In fact, the most critical human rights issues were not related to abuse during lockdowns (even if, of course, problems do exist), but rather the states who were refusing to instate them. Mexico’s President, the leftist Andres Manuel Lopez Obrador, consistently encouraged people to go out normally, hugging and kissing supporters, and claiming the best ‘détente’ against coronavirus were prayer and religious amulets. In Brazil, President Jair Bolsonaro, who really can only be fairly described as a right-wing fascist, called the virus a media-induced ‘fantasy’ and attended mass pro-government demonstrations in the country’s capital despite being himself under self-isolation for risk of infection. At one point Bolsonaro called state governors trying to impose local lockdowns ‘lunatics’ actively downplaying the severity of the situation.
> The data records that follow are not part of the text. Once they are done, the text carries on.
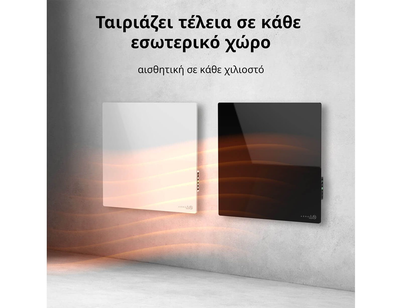 Η επιτοίχια θερμάστρα AENO Premium ECO Smart Quadro σε κομψά χρώματα - μαύρο μαργαριταρένιο ή γυαλιστερό λευκό - ταιριάζει απόλυτα σε κάθε χώρο.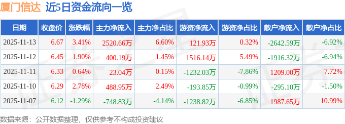 证券之星消息,截至2025年11月13日收盘,厦门信达(000701)报收于6.67元,上涨3.41%,换手率8.61%,成交量57.47万手,成交额3.82亿元。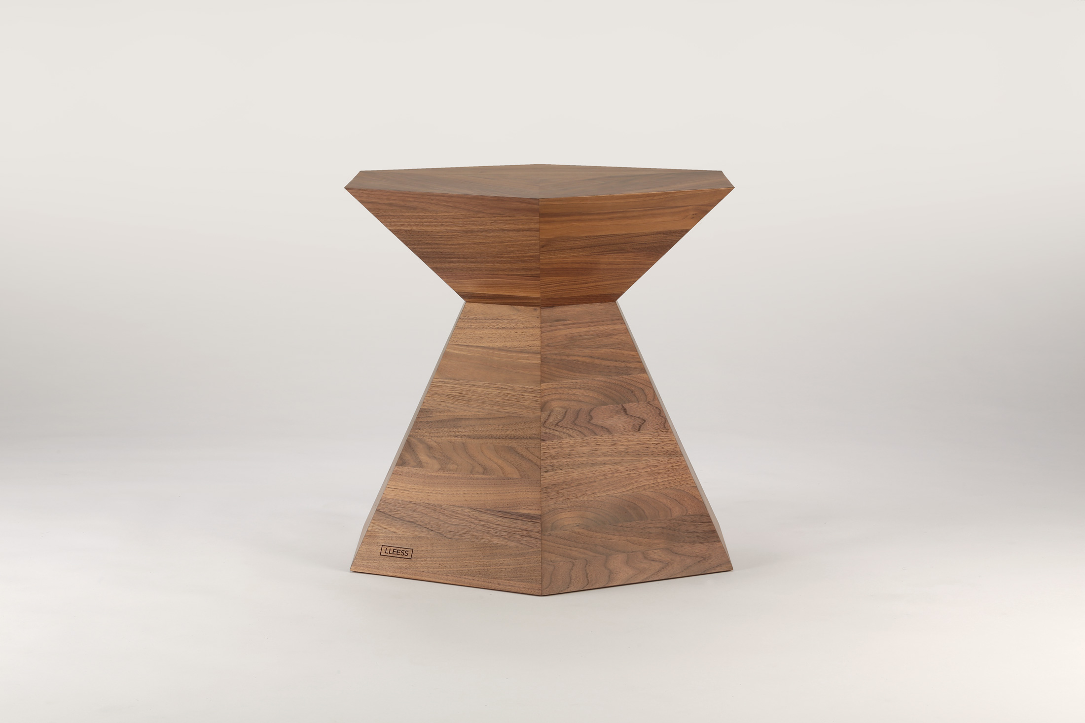 Hexagonal tea table with a shape that passes from its top surface through a narrow center to the floor almost monolithically, to render an unusual modern look. Its solid wood joins represent a true masterpiece of carpentry, reflected as an expression of minimalism. For those who adore clean and clear forms of superior elegance.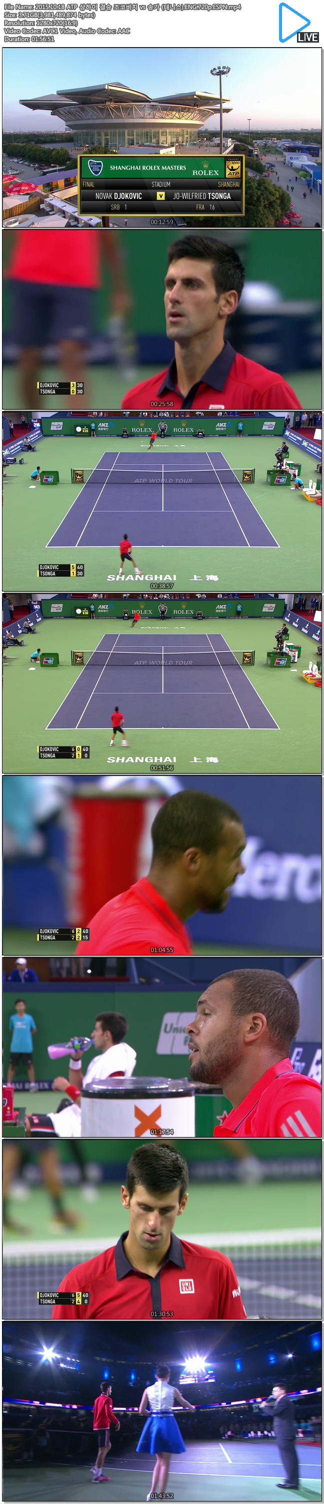| 2015.10.18 ATP 상하이 결승 조코비치 vs 송가 (테니스).ENG.720p.ESPN.mp4 | 3.7 G | 01:56:51 | 1280x720 |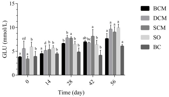Glycolipid metabolism is essential to life. As shown in Figure 2, as the experimental feeding time progressed, the level of GLU metabolism of rats in the BCM, SCM and DCM groups showed slowly increasing trends that differed significantly from the trend in the BC group. From the graph, the GLU level of rats in the BCM group showed no difference after 28 days of feeding. A significant difference occurred at 42 days of feeding. The DCM group showed an upward trend from 0 to 28 days and showed a decrease after feeding at 42 days. At 56 days, this group showed an upward trend again. There was no significant difference in GLU of rats in the SCM and SO groups during the feeding process.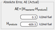 ΔU0 - ΔH0 = 6.6895 kJ/mol fuel (esta diferencia es despreciable). Se observa que si hubiera exceso de aire, el resultado permanece invariable, ya que aumenta la misma cantidad de O2 y N2 como reactivos y como productos.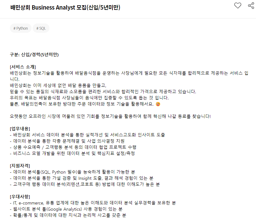 | 데이터 분석 채용공고 살펴보기 - 2 (잡코리아) 😼 의료 part (0) | 2022.02.02 |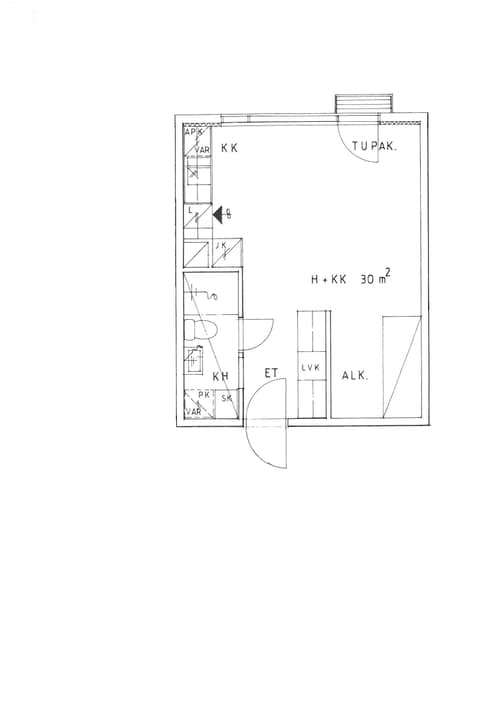 Asunnossa ranskalainen parveke, joka helpottaa esimerkiksi asunnon tuulettamista. Huoneeseen mahtuu hyvin kaikki tarpeelliset kalusteet, sekä alkoviin parisänky. Eteisessä on suuret kaapistot tuomassa lisää säilytystilaa. Fiksun kokoisessa kylpyhuoneessa on säilytystilaa pyykeille ja pesuaineille sekä hyvä paikka pesukoneelle.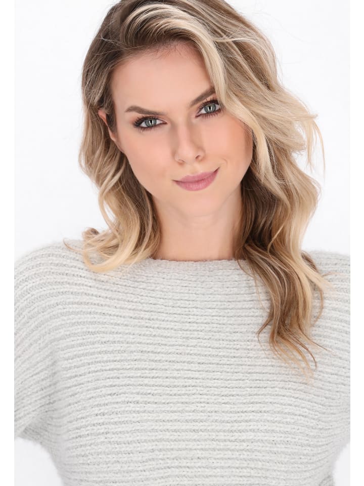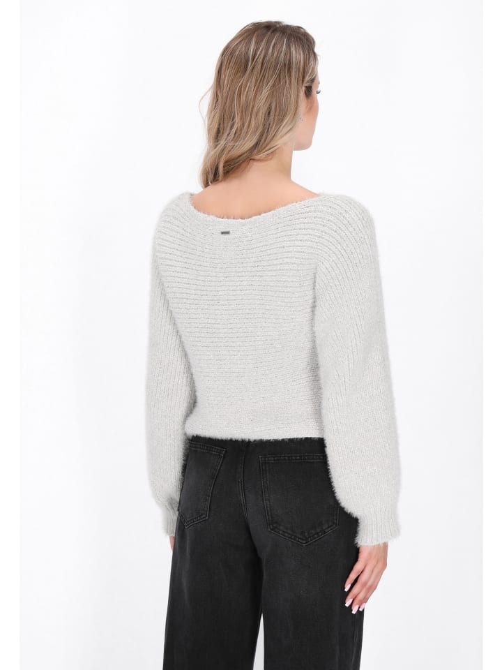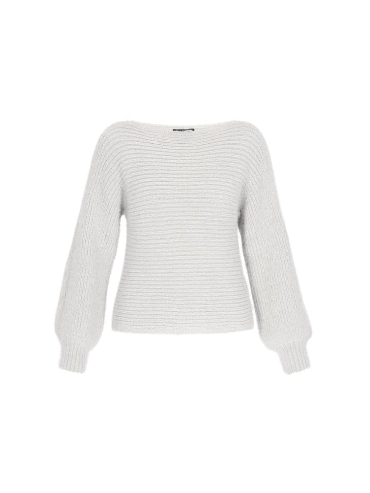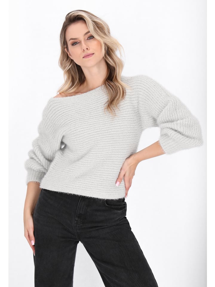- Свитер стандартного кроя с вырезом «лодочка» и длинными рукавами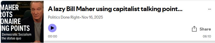 Bill Maher is using his platform to promote billionaires' Democratic Socialism fearing message because of Zohran Mamdani's effective deconstruction of a failed economic system in digestible form.
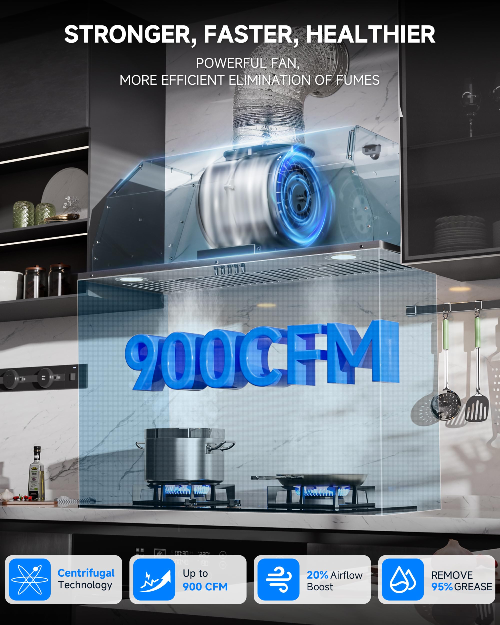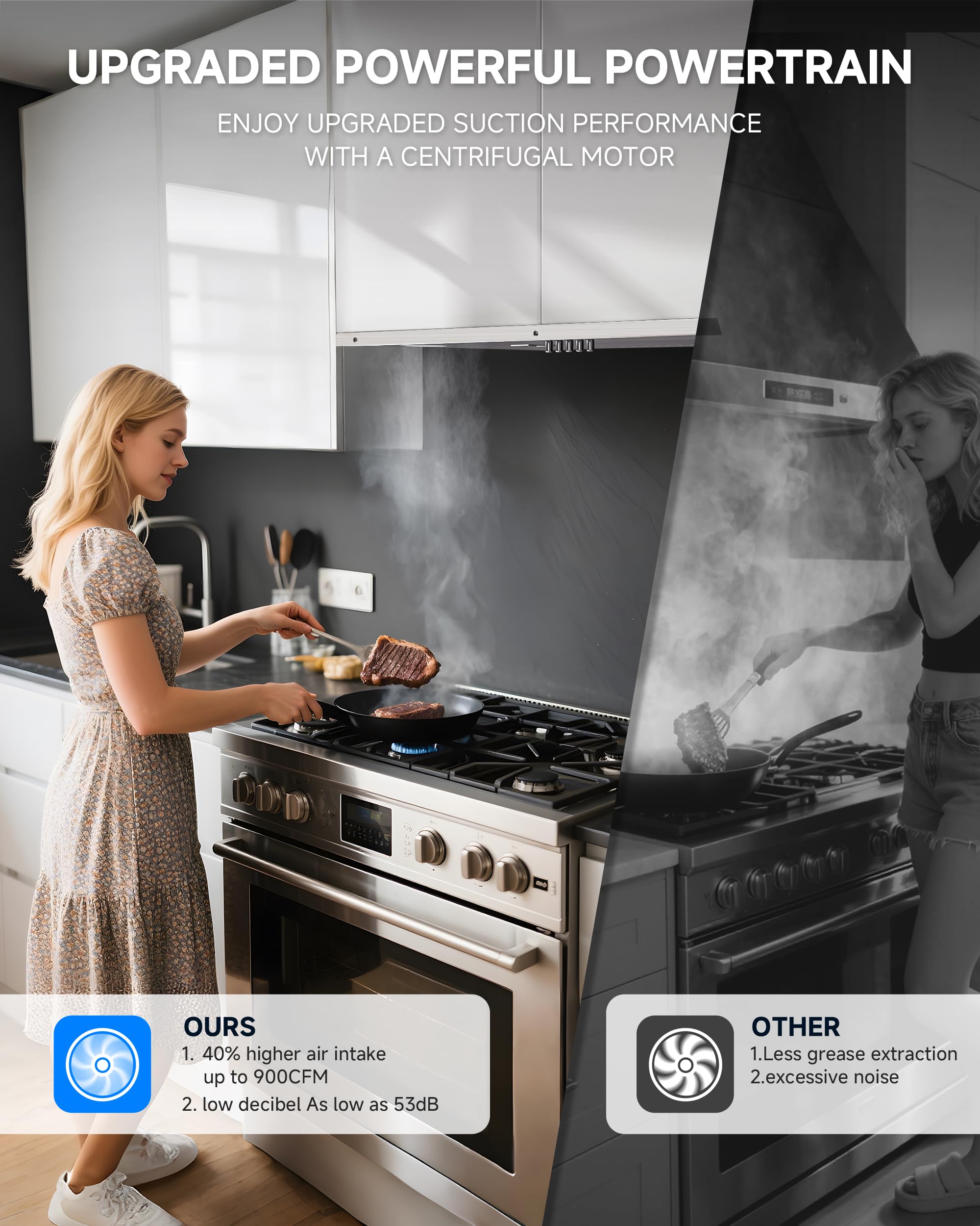 Power Meets Quiet:Crush heavy grease & odors instantly with 900CFM suction. Breathe clean air! Yet, cook in remarkable peace: runs at only 62dB max – quieter than conversation! Durable, rustproof stainless steel build. Serious power meets library-level quiet. Transform cooking: clean, peaceful & comfortable. Power & Silence Perfected!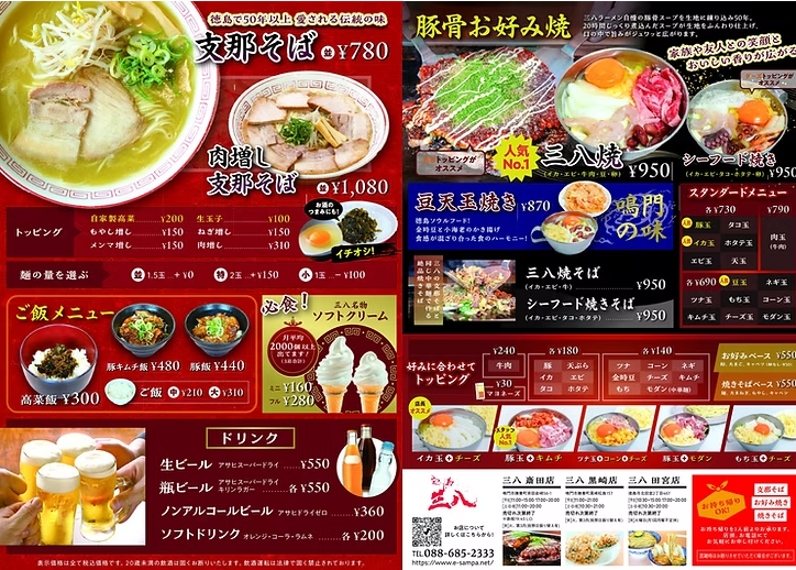 ・三八焼きそば(イカ・エビ・牛肉) | 950円 |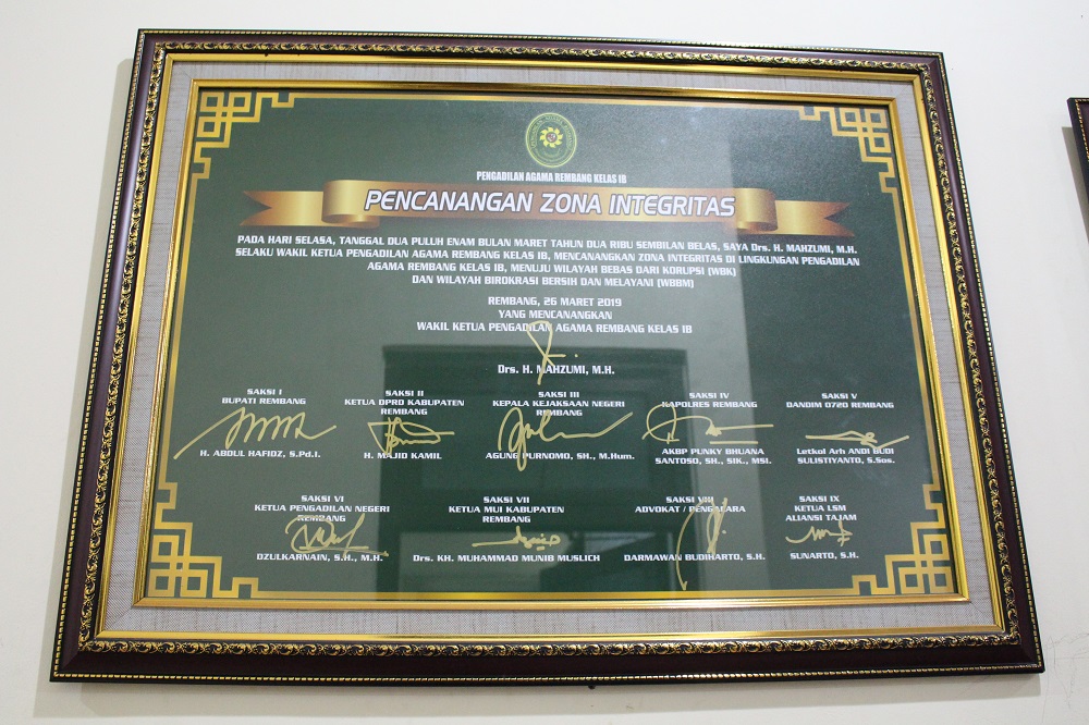 Pada tanggal 26 Maret 2019 Pengadilan Agama Rembang telah menyelenggarakan Deklarasi Pencanangan Pembangunan Zona Integritas Menuju Wilayah Bebas Korupsi dan Wilayah Birokrasi Bersih dan Melayani, yang disaksikan juga oleh oleh Bupati Kabupaten Rembang beserta unsur forkompinda dan juga disaksikan oleh tokoh agama dan masyarakat. Deklarasi ini adalah sebuah komitmen dari Pengadilan Agama Rembang untuk benar-benar mewujudkan Pengadilan yang bebas korupsi, dengan birokrasi yang bersih dan melayani.

Recently, he called on Brazilians to ‘go back to normality’, referring to the virus as a ‘little cold’. The situation is so dire that citizens in both countries took to the courts to try to force their government to take meaningful action (see here and here).
It is perhaps because of an awareness of these issues that, on March 6th, while ‘global’ public opinion was still slowly waking up to the possibility of a national lockdown in Western Europe, the UN High Commissioner for Human Rights, Michelle Bachelet – herself Latin American – was already placing the right to health and economic support to citizens front and centre: ‘our efforts to combat this virus won’t work unless we approach it holistically, which means taking great care to protect the most vulnerable and neglected people in society, both medically and economically’, she said, with little ‘global’ repercussion. Similarly, the Inter-American Human Rights Commission’s first Coronavirus-related statement, focused mostly on mitigation of hardship, not restrictions of mobility. It said: ‘states must urgently assess effective responses for mitigating the impacts of the pandemic on human rights … by adopting an appropriate combination of regulatory frameworks and short- and medium-term public policies such as credit relief programs and the rescheduling and flexibilization of repayment schemes for debts and other financial obligations that may impose financial or tax burdens that jeopardize human rights’.
Had the ‘global’ discussion truly adopted a ‘global’ approach to the pandemic, COVID-19’s story would likely have looked a lot different, focusing more evenly on the problems and concerns of not just average Westerners preoccupied with the rise of China, the strangeness of a European lockdown or the baffling negligence of Donald Trump (all worthy topics of discussion, of course) but, also, on the problems of a migrant worker in India making 3 dollars a day or a Brazilian street vendor that simply can’t socially isolate without support from their government. What does mitigation and economic support look like in nations with limited resources and underfunded health services? What is the ‘minimum core’ of the right to health in these circumstances? What does progressive realization look like? These questions have been sidelined because the crisis has not yet been framed through Southern eyes.